November 2009 – ATF special agents bust a ring of tobacco smugglers in Northern Virginia. Culminating a 14–month investigation, agents took 14 people into custody where the suspects allegedly paid or traded for more than $8 million, nearly 40 firearms, and drugs to purchase 388,000 cartons — totalling more than 77 million contraband cigarettes — all in headed for retail stores in New York. But these weren’t just any kind of criminals, two of the suspects allegedly agreed to pay $15,000 for a hit-man to kill a man and wife whom suspects believed were involved in stealing more than 15,000 cartons of contraband cigarettes.

The ongoing problem of tobacco diversion seems harmless on the surface but the people working the black market often resemble organized crime gangs of the past and the potential revenue loss, costs states billions annually – money that often times is never recovered and in extreme cases has been found to fund terrorist activity.

In the summer of 2002 Mohammed Hammoud was sentenced to 150 years in prison for using money he got from selling tobacco products on the black market in Charlotte, N.C., to fund a terrorist operation.

ATF is working diligently to investigate and prosecute tobacco traffickers but work the that goes into a tobacco diversion investigation is long and tedious, requires the U.S. Attorneys assistance, and because of the financial complexity of tobacco cases help from financial auditors – complex investigations which sometimes last years.

Tobacco cases take time, explains Perez. It takes a while to gain the trust and infiltrate some of these organizations enough to track the money get to the people who are in charge.

Here is how most tobacco smuggling rings work – legal entities pay significant taxes on their product, including $1.01 per pack in Federal Excise Tax, from $0.07 to $4.25 per pack in state and local excise taxes, and typically $0.50 per pack to a settlement fund for health care costs incurred by the states as a result of tobacco use by their citizens.

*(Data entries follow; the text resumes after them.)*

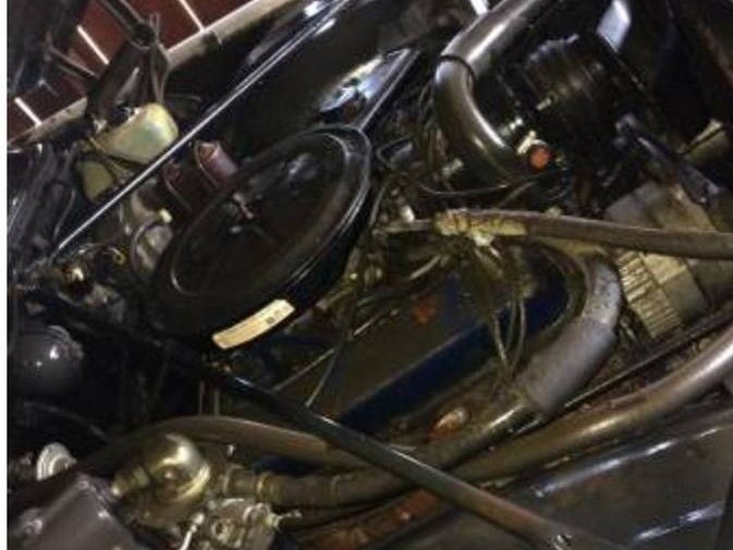 This car is a 30-year barn find that has had one repaint in the last 46 years. There is some minor rust in the back window area. Other than that, the body is in good condition. The front bumper fillers could use replacing. I’m not sure if that’s a tan vinyl top, or a very dirty white vinyl top. I tend to lean toward the later, so a good cleaning will help, while the top does appear to be in good condition.
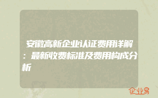 - 安徽高新企业认证费用详解:最新收费标准及费用构成分析
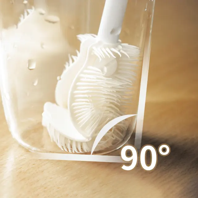 Zložljiva in praktična: Glava ščetke se lahko zloži pod različnimi koti, kar olajša čiščenje dna in kotov steklenic, skodelic in drugih posod. Fleksibilne silikonske ščetine učinkovito odstranjujejo trdovratne madeže, ne da bi pri tem praskale občutljive površine.

By selling non-tax paid cigarettes at tax paid prices or just below that price, criminal organizations are able to net a substantial profit. For example, purchasing legally taxed products in Virginia (a low excise tax state) and driving them to New York (a high excise tax state) for resale creates an immediate $3.95 per pack profit margin. A single carton of cigarettes (10 packs) purchased in Virginia and sold in New York will yield about $39.50 in profits; a single case (60 cartons) yields $2,397 in profits and a single truckload (typically 800 cases) yields $1,917,600.

The bottom line is tobacco diversion is a crime, says Perez. It’s a crime that affects local economies through the loss of state tax revenue and a crime that affects communities because of the increasing violence tobacco smugglers are involved in.